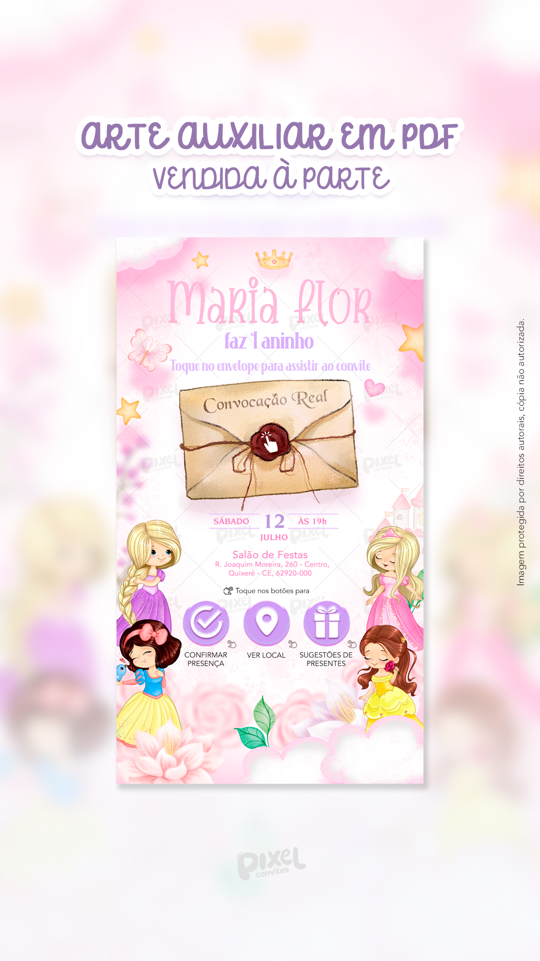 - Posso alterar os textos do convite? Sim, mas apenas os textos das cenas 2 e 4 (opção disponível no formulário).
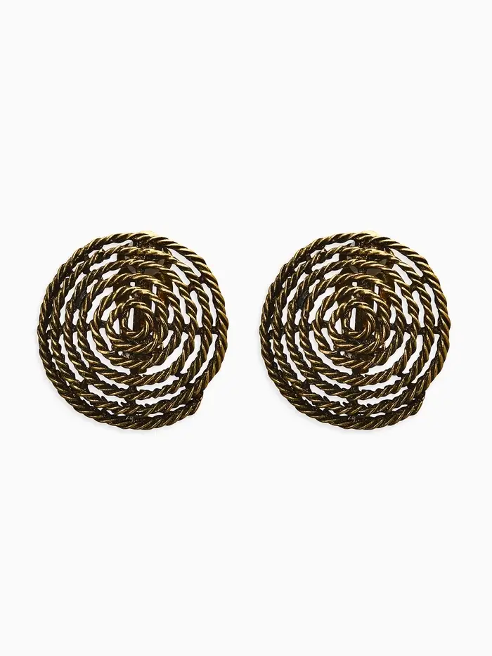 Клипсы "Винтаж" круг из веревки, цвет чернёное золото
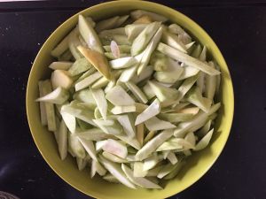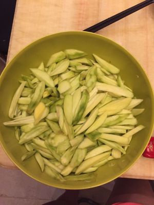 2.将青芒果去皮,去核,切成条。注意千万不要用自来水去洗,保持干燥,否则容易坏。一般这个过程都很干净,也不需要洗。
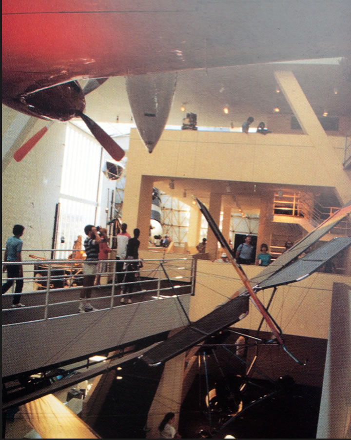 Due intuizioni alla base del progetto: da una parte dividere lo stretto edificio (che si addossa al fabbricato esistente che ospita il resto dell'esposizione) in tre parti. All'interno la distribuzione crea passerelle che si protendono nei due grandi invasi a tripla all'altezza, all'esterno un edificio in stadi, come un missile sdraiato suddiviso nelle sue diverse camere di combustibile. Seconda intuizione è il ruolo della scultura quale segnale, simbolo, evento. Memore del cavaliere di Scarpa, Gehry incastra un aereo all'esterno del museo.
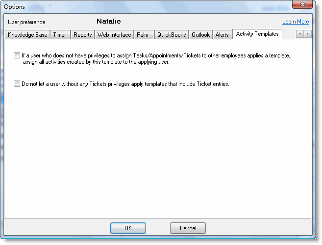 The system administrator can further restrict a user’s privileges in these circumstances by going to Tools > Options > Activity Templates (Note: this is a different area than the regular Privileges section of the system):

### WHAT NEEDS TO BE DONE
Extract, word for word, each line from the top of the data down to and including the line with "2.将青芒果去皮,去核,切成"; skip the pictures.

### ANSWER AREA
 - Posso alterar os textos do convite? Sim, mas apenas os textos das cenas 2 e 4 (opção disponível no formulário).
 Клипсы "Винтаж" круг из веревки, цвет чернёное золото
 2.将青芒果去皮,去核,切成条。注意千万不要用自来水去洗,保持干燥,否则容易坏。一般这个过程都很干净,也不需要洗。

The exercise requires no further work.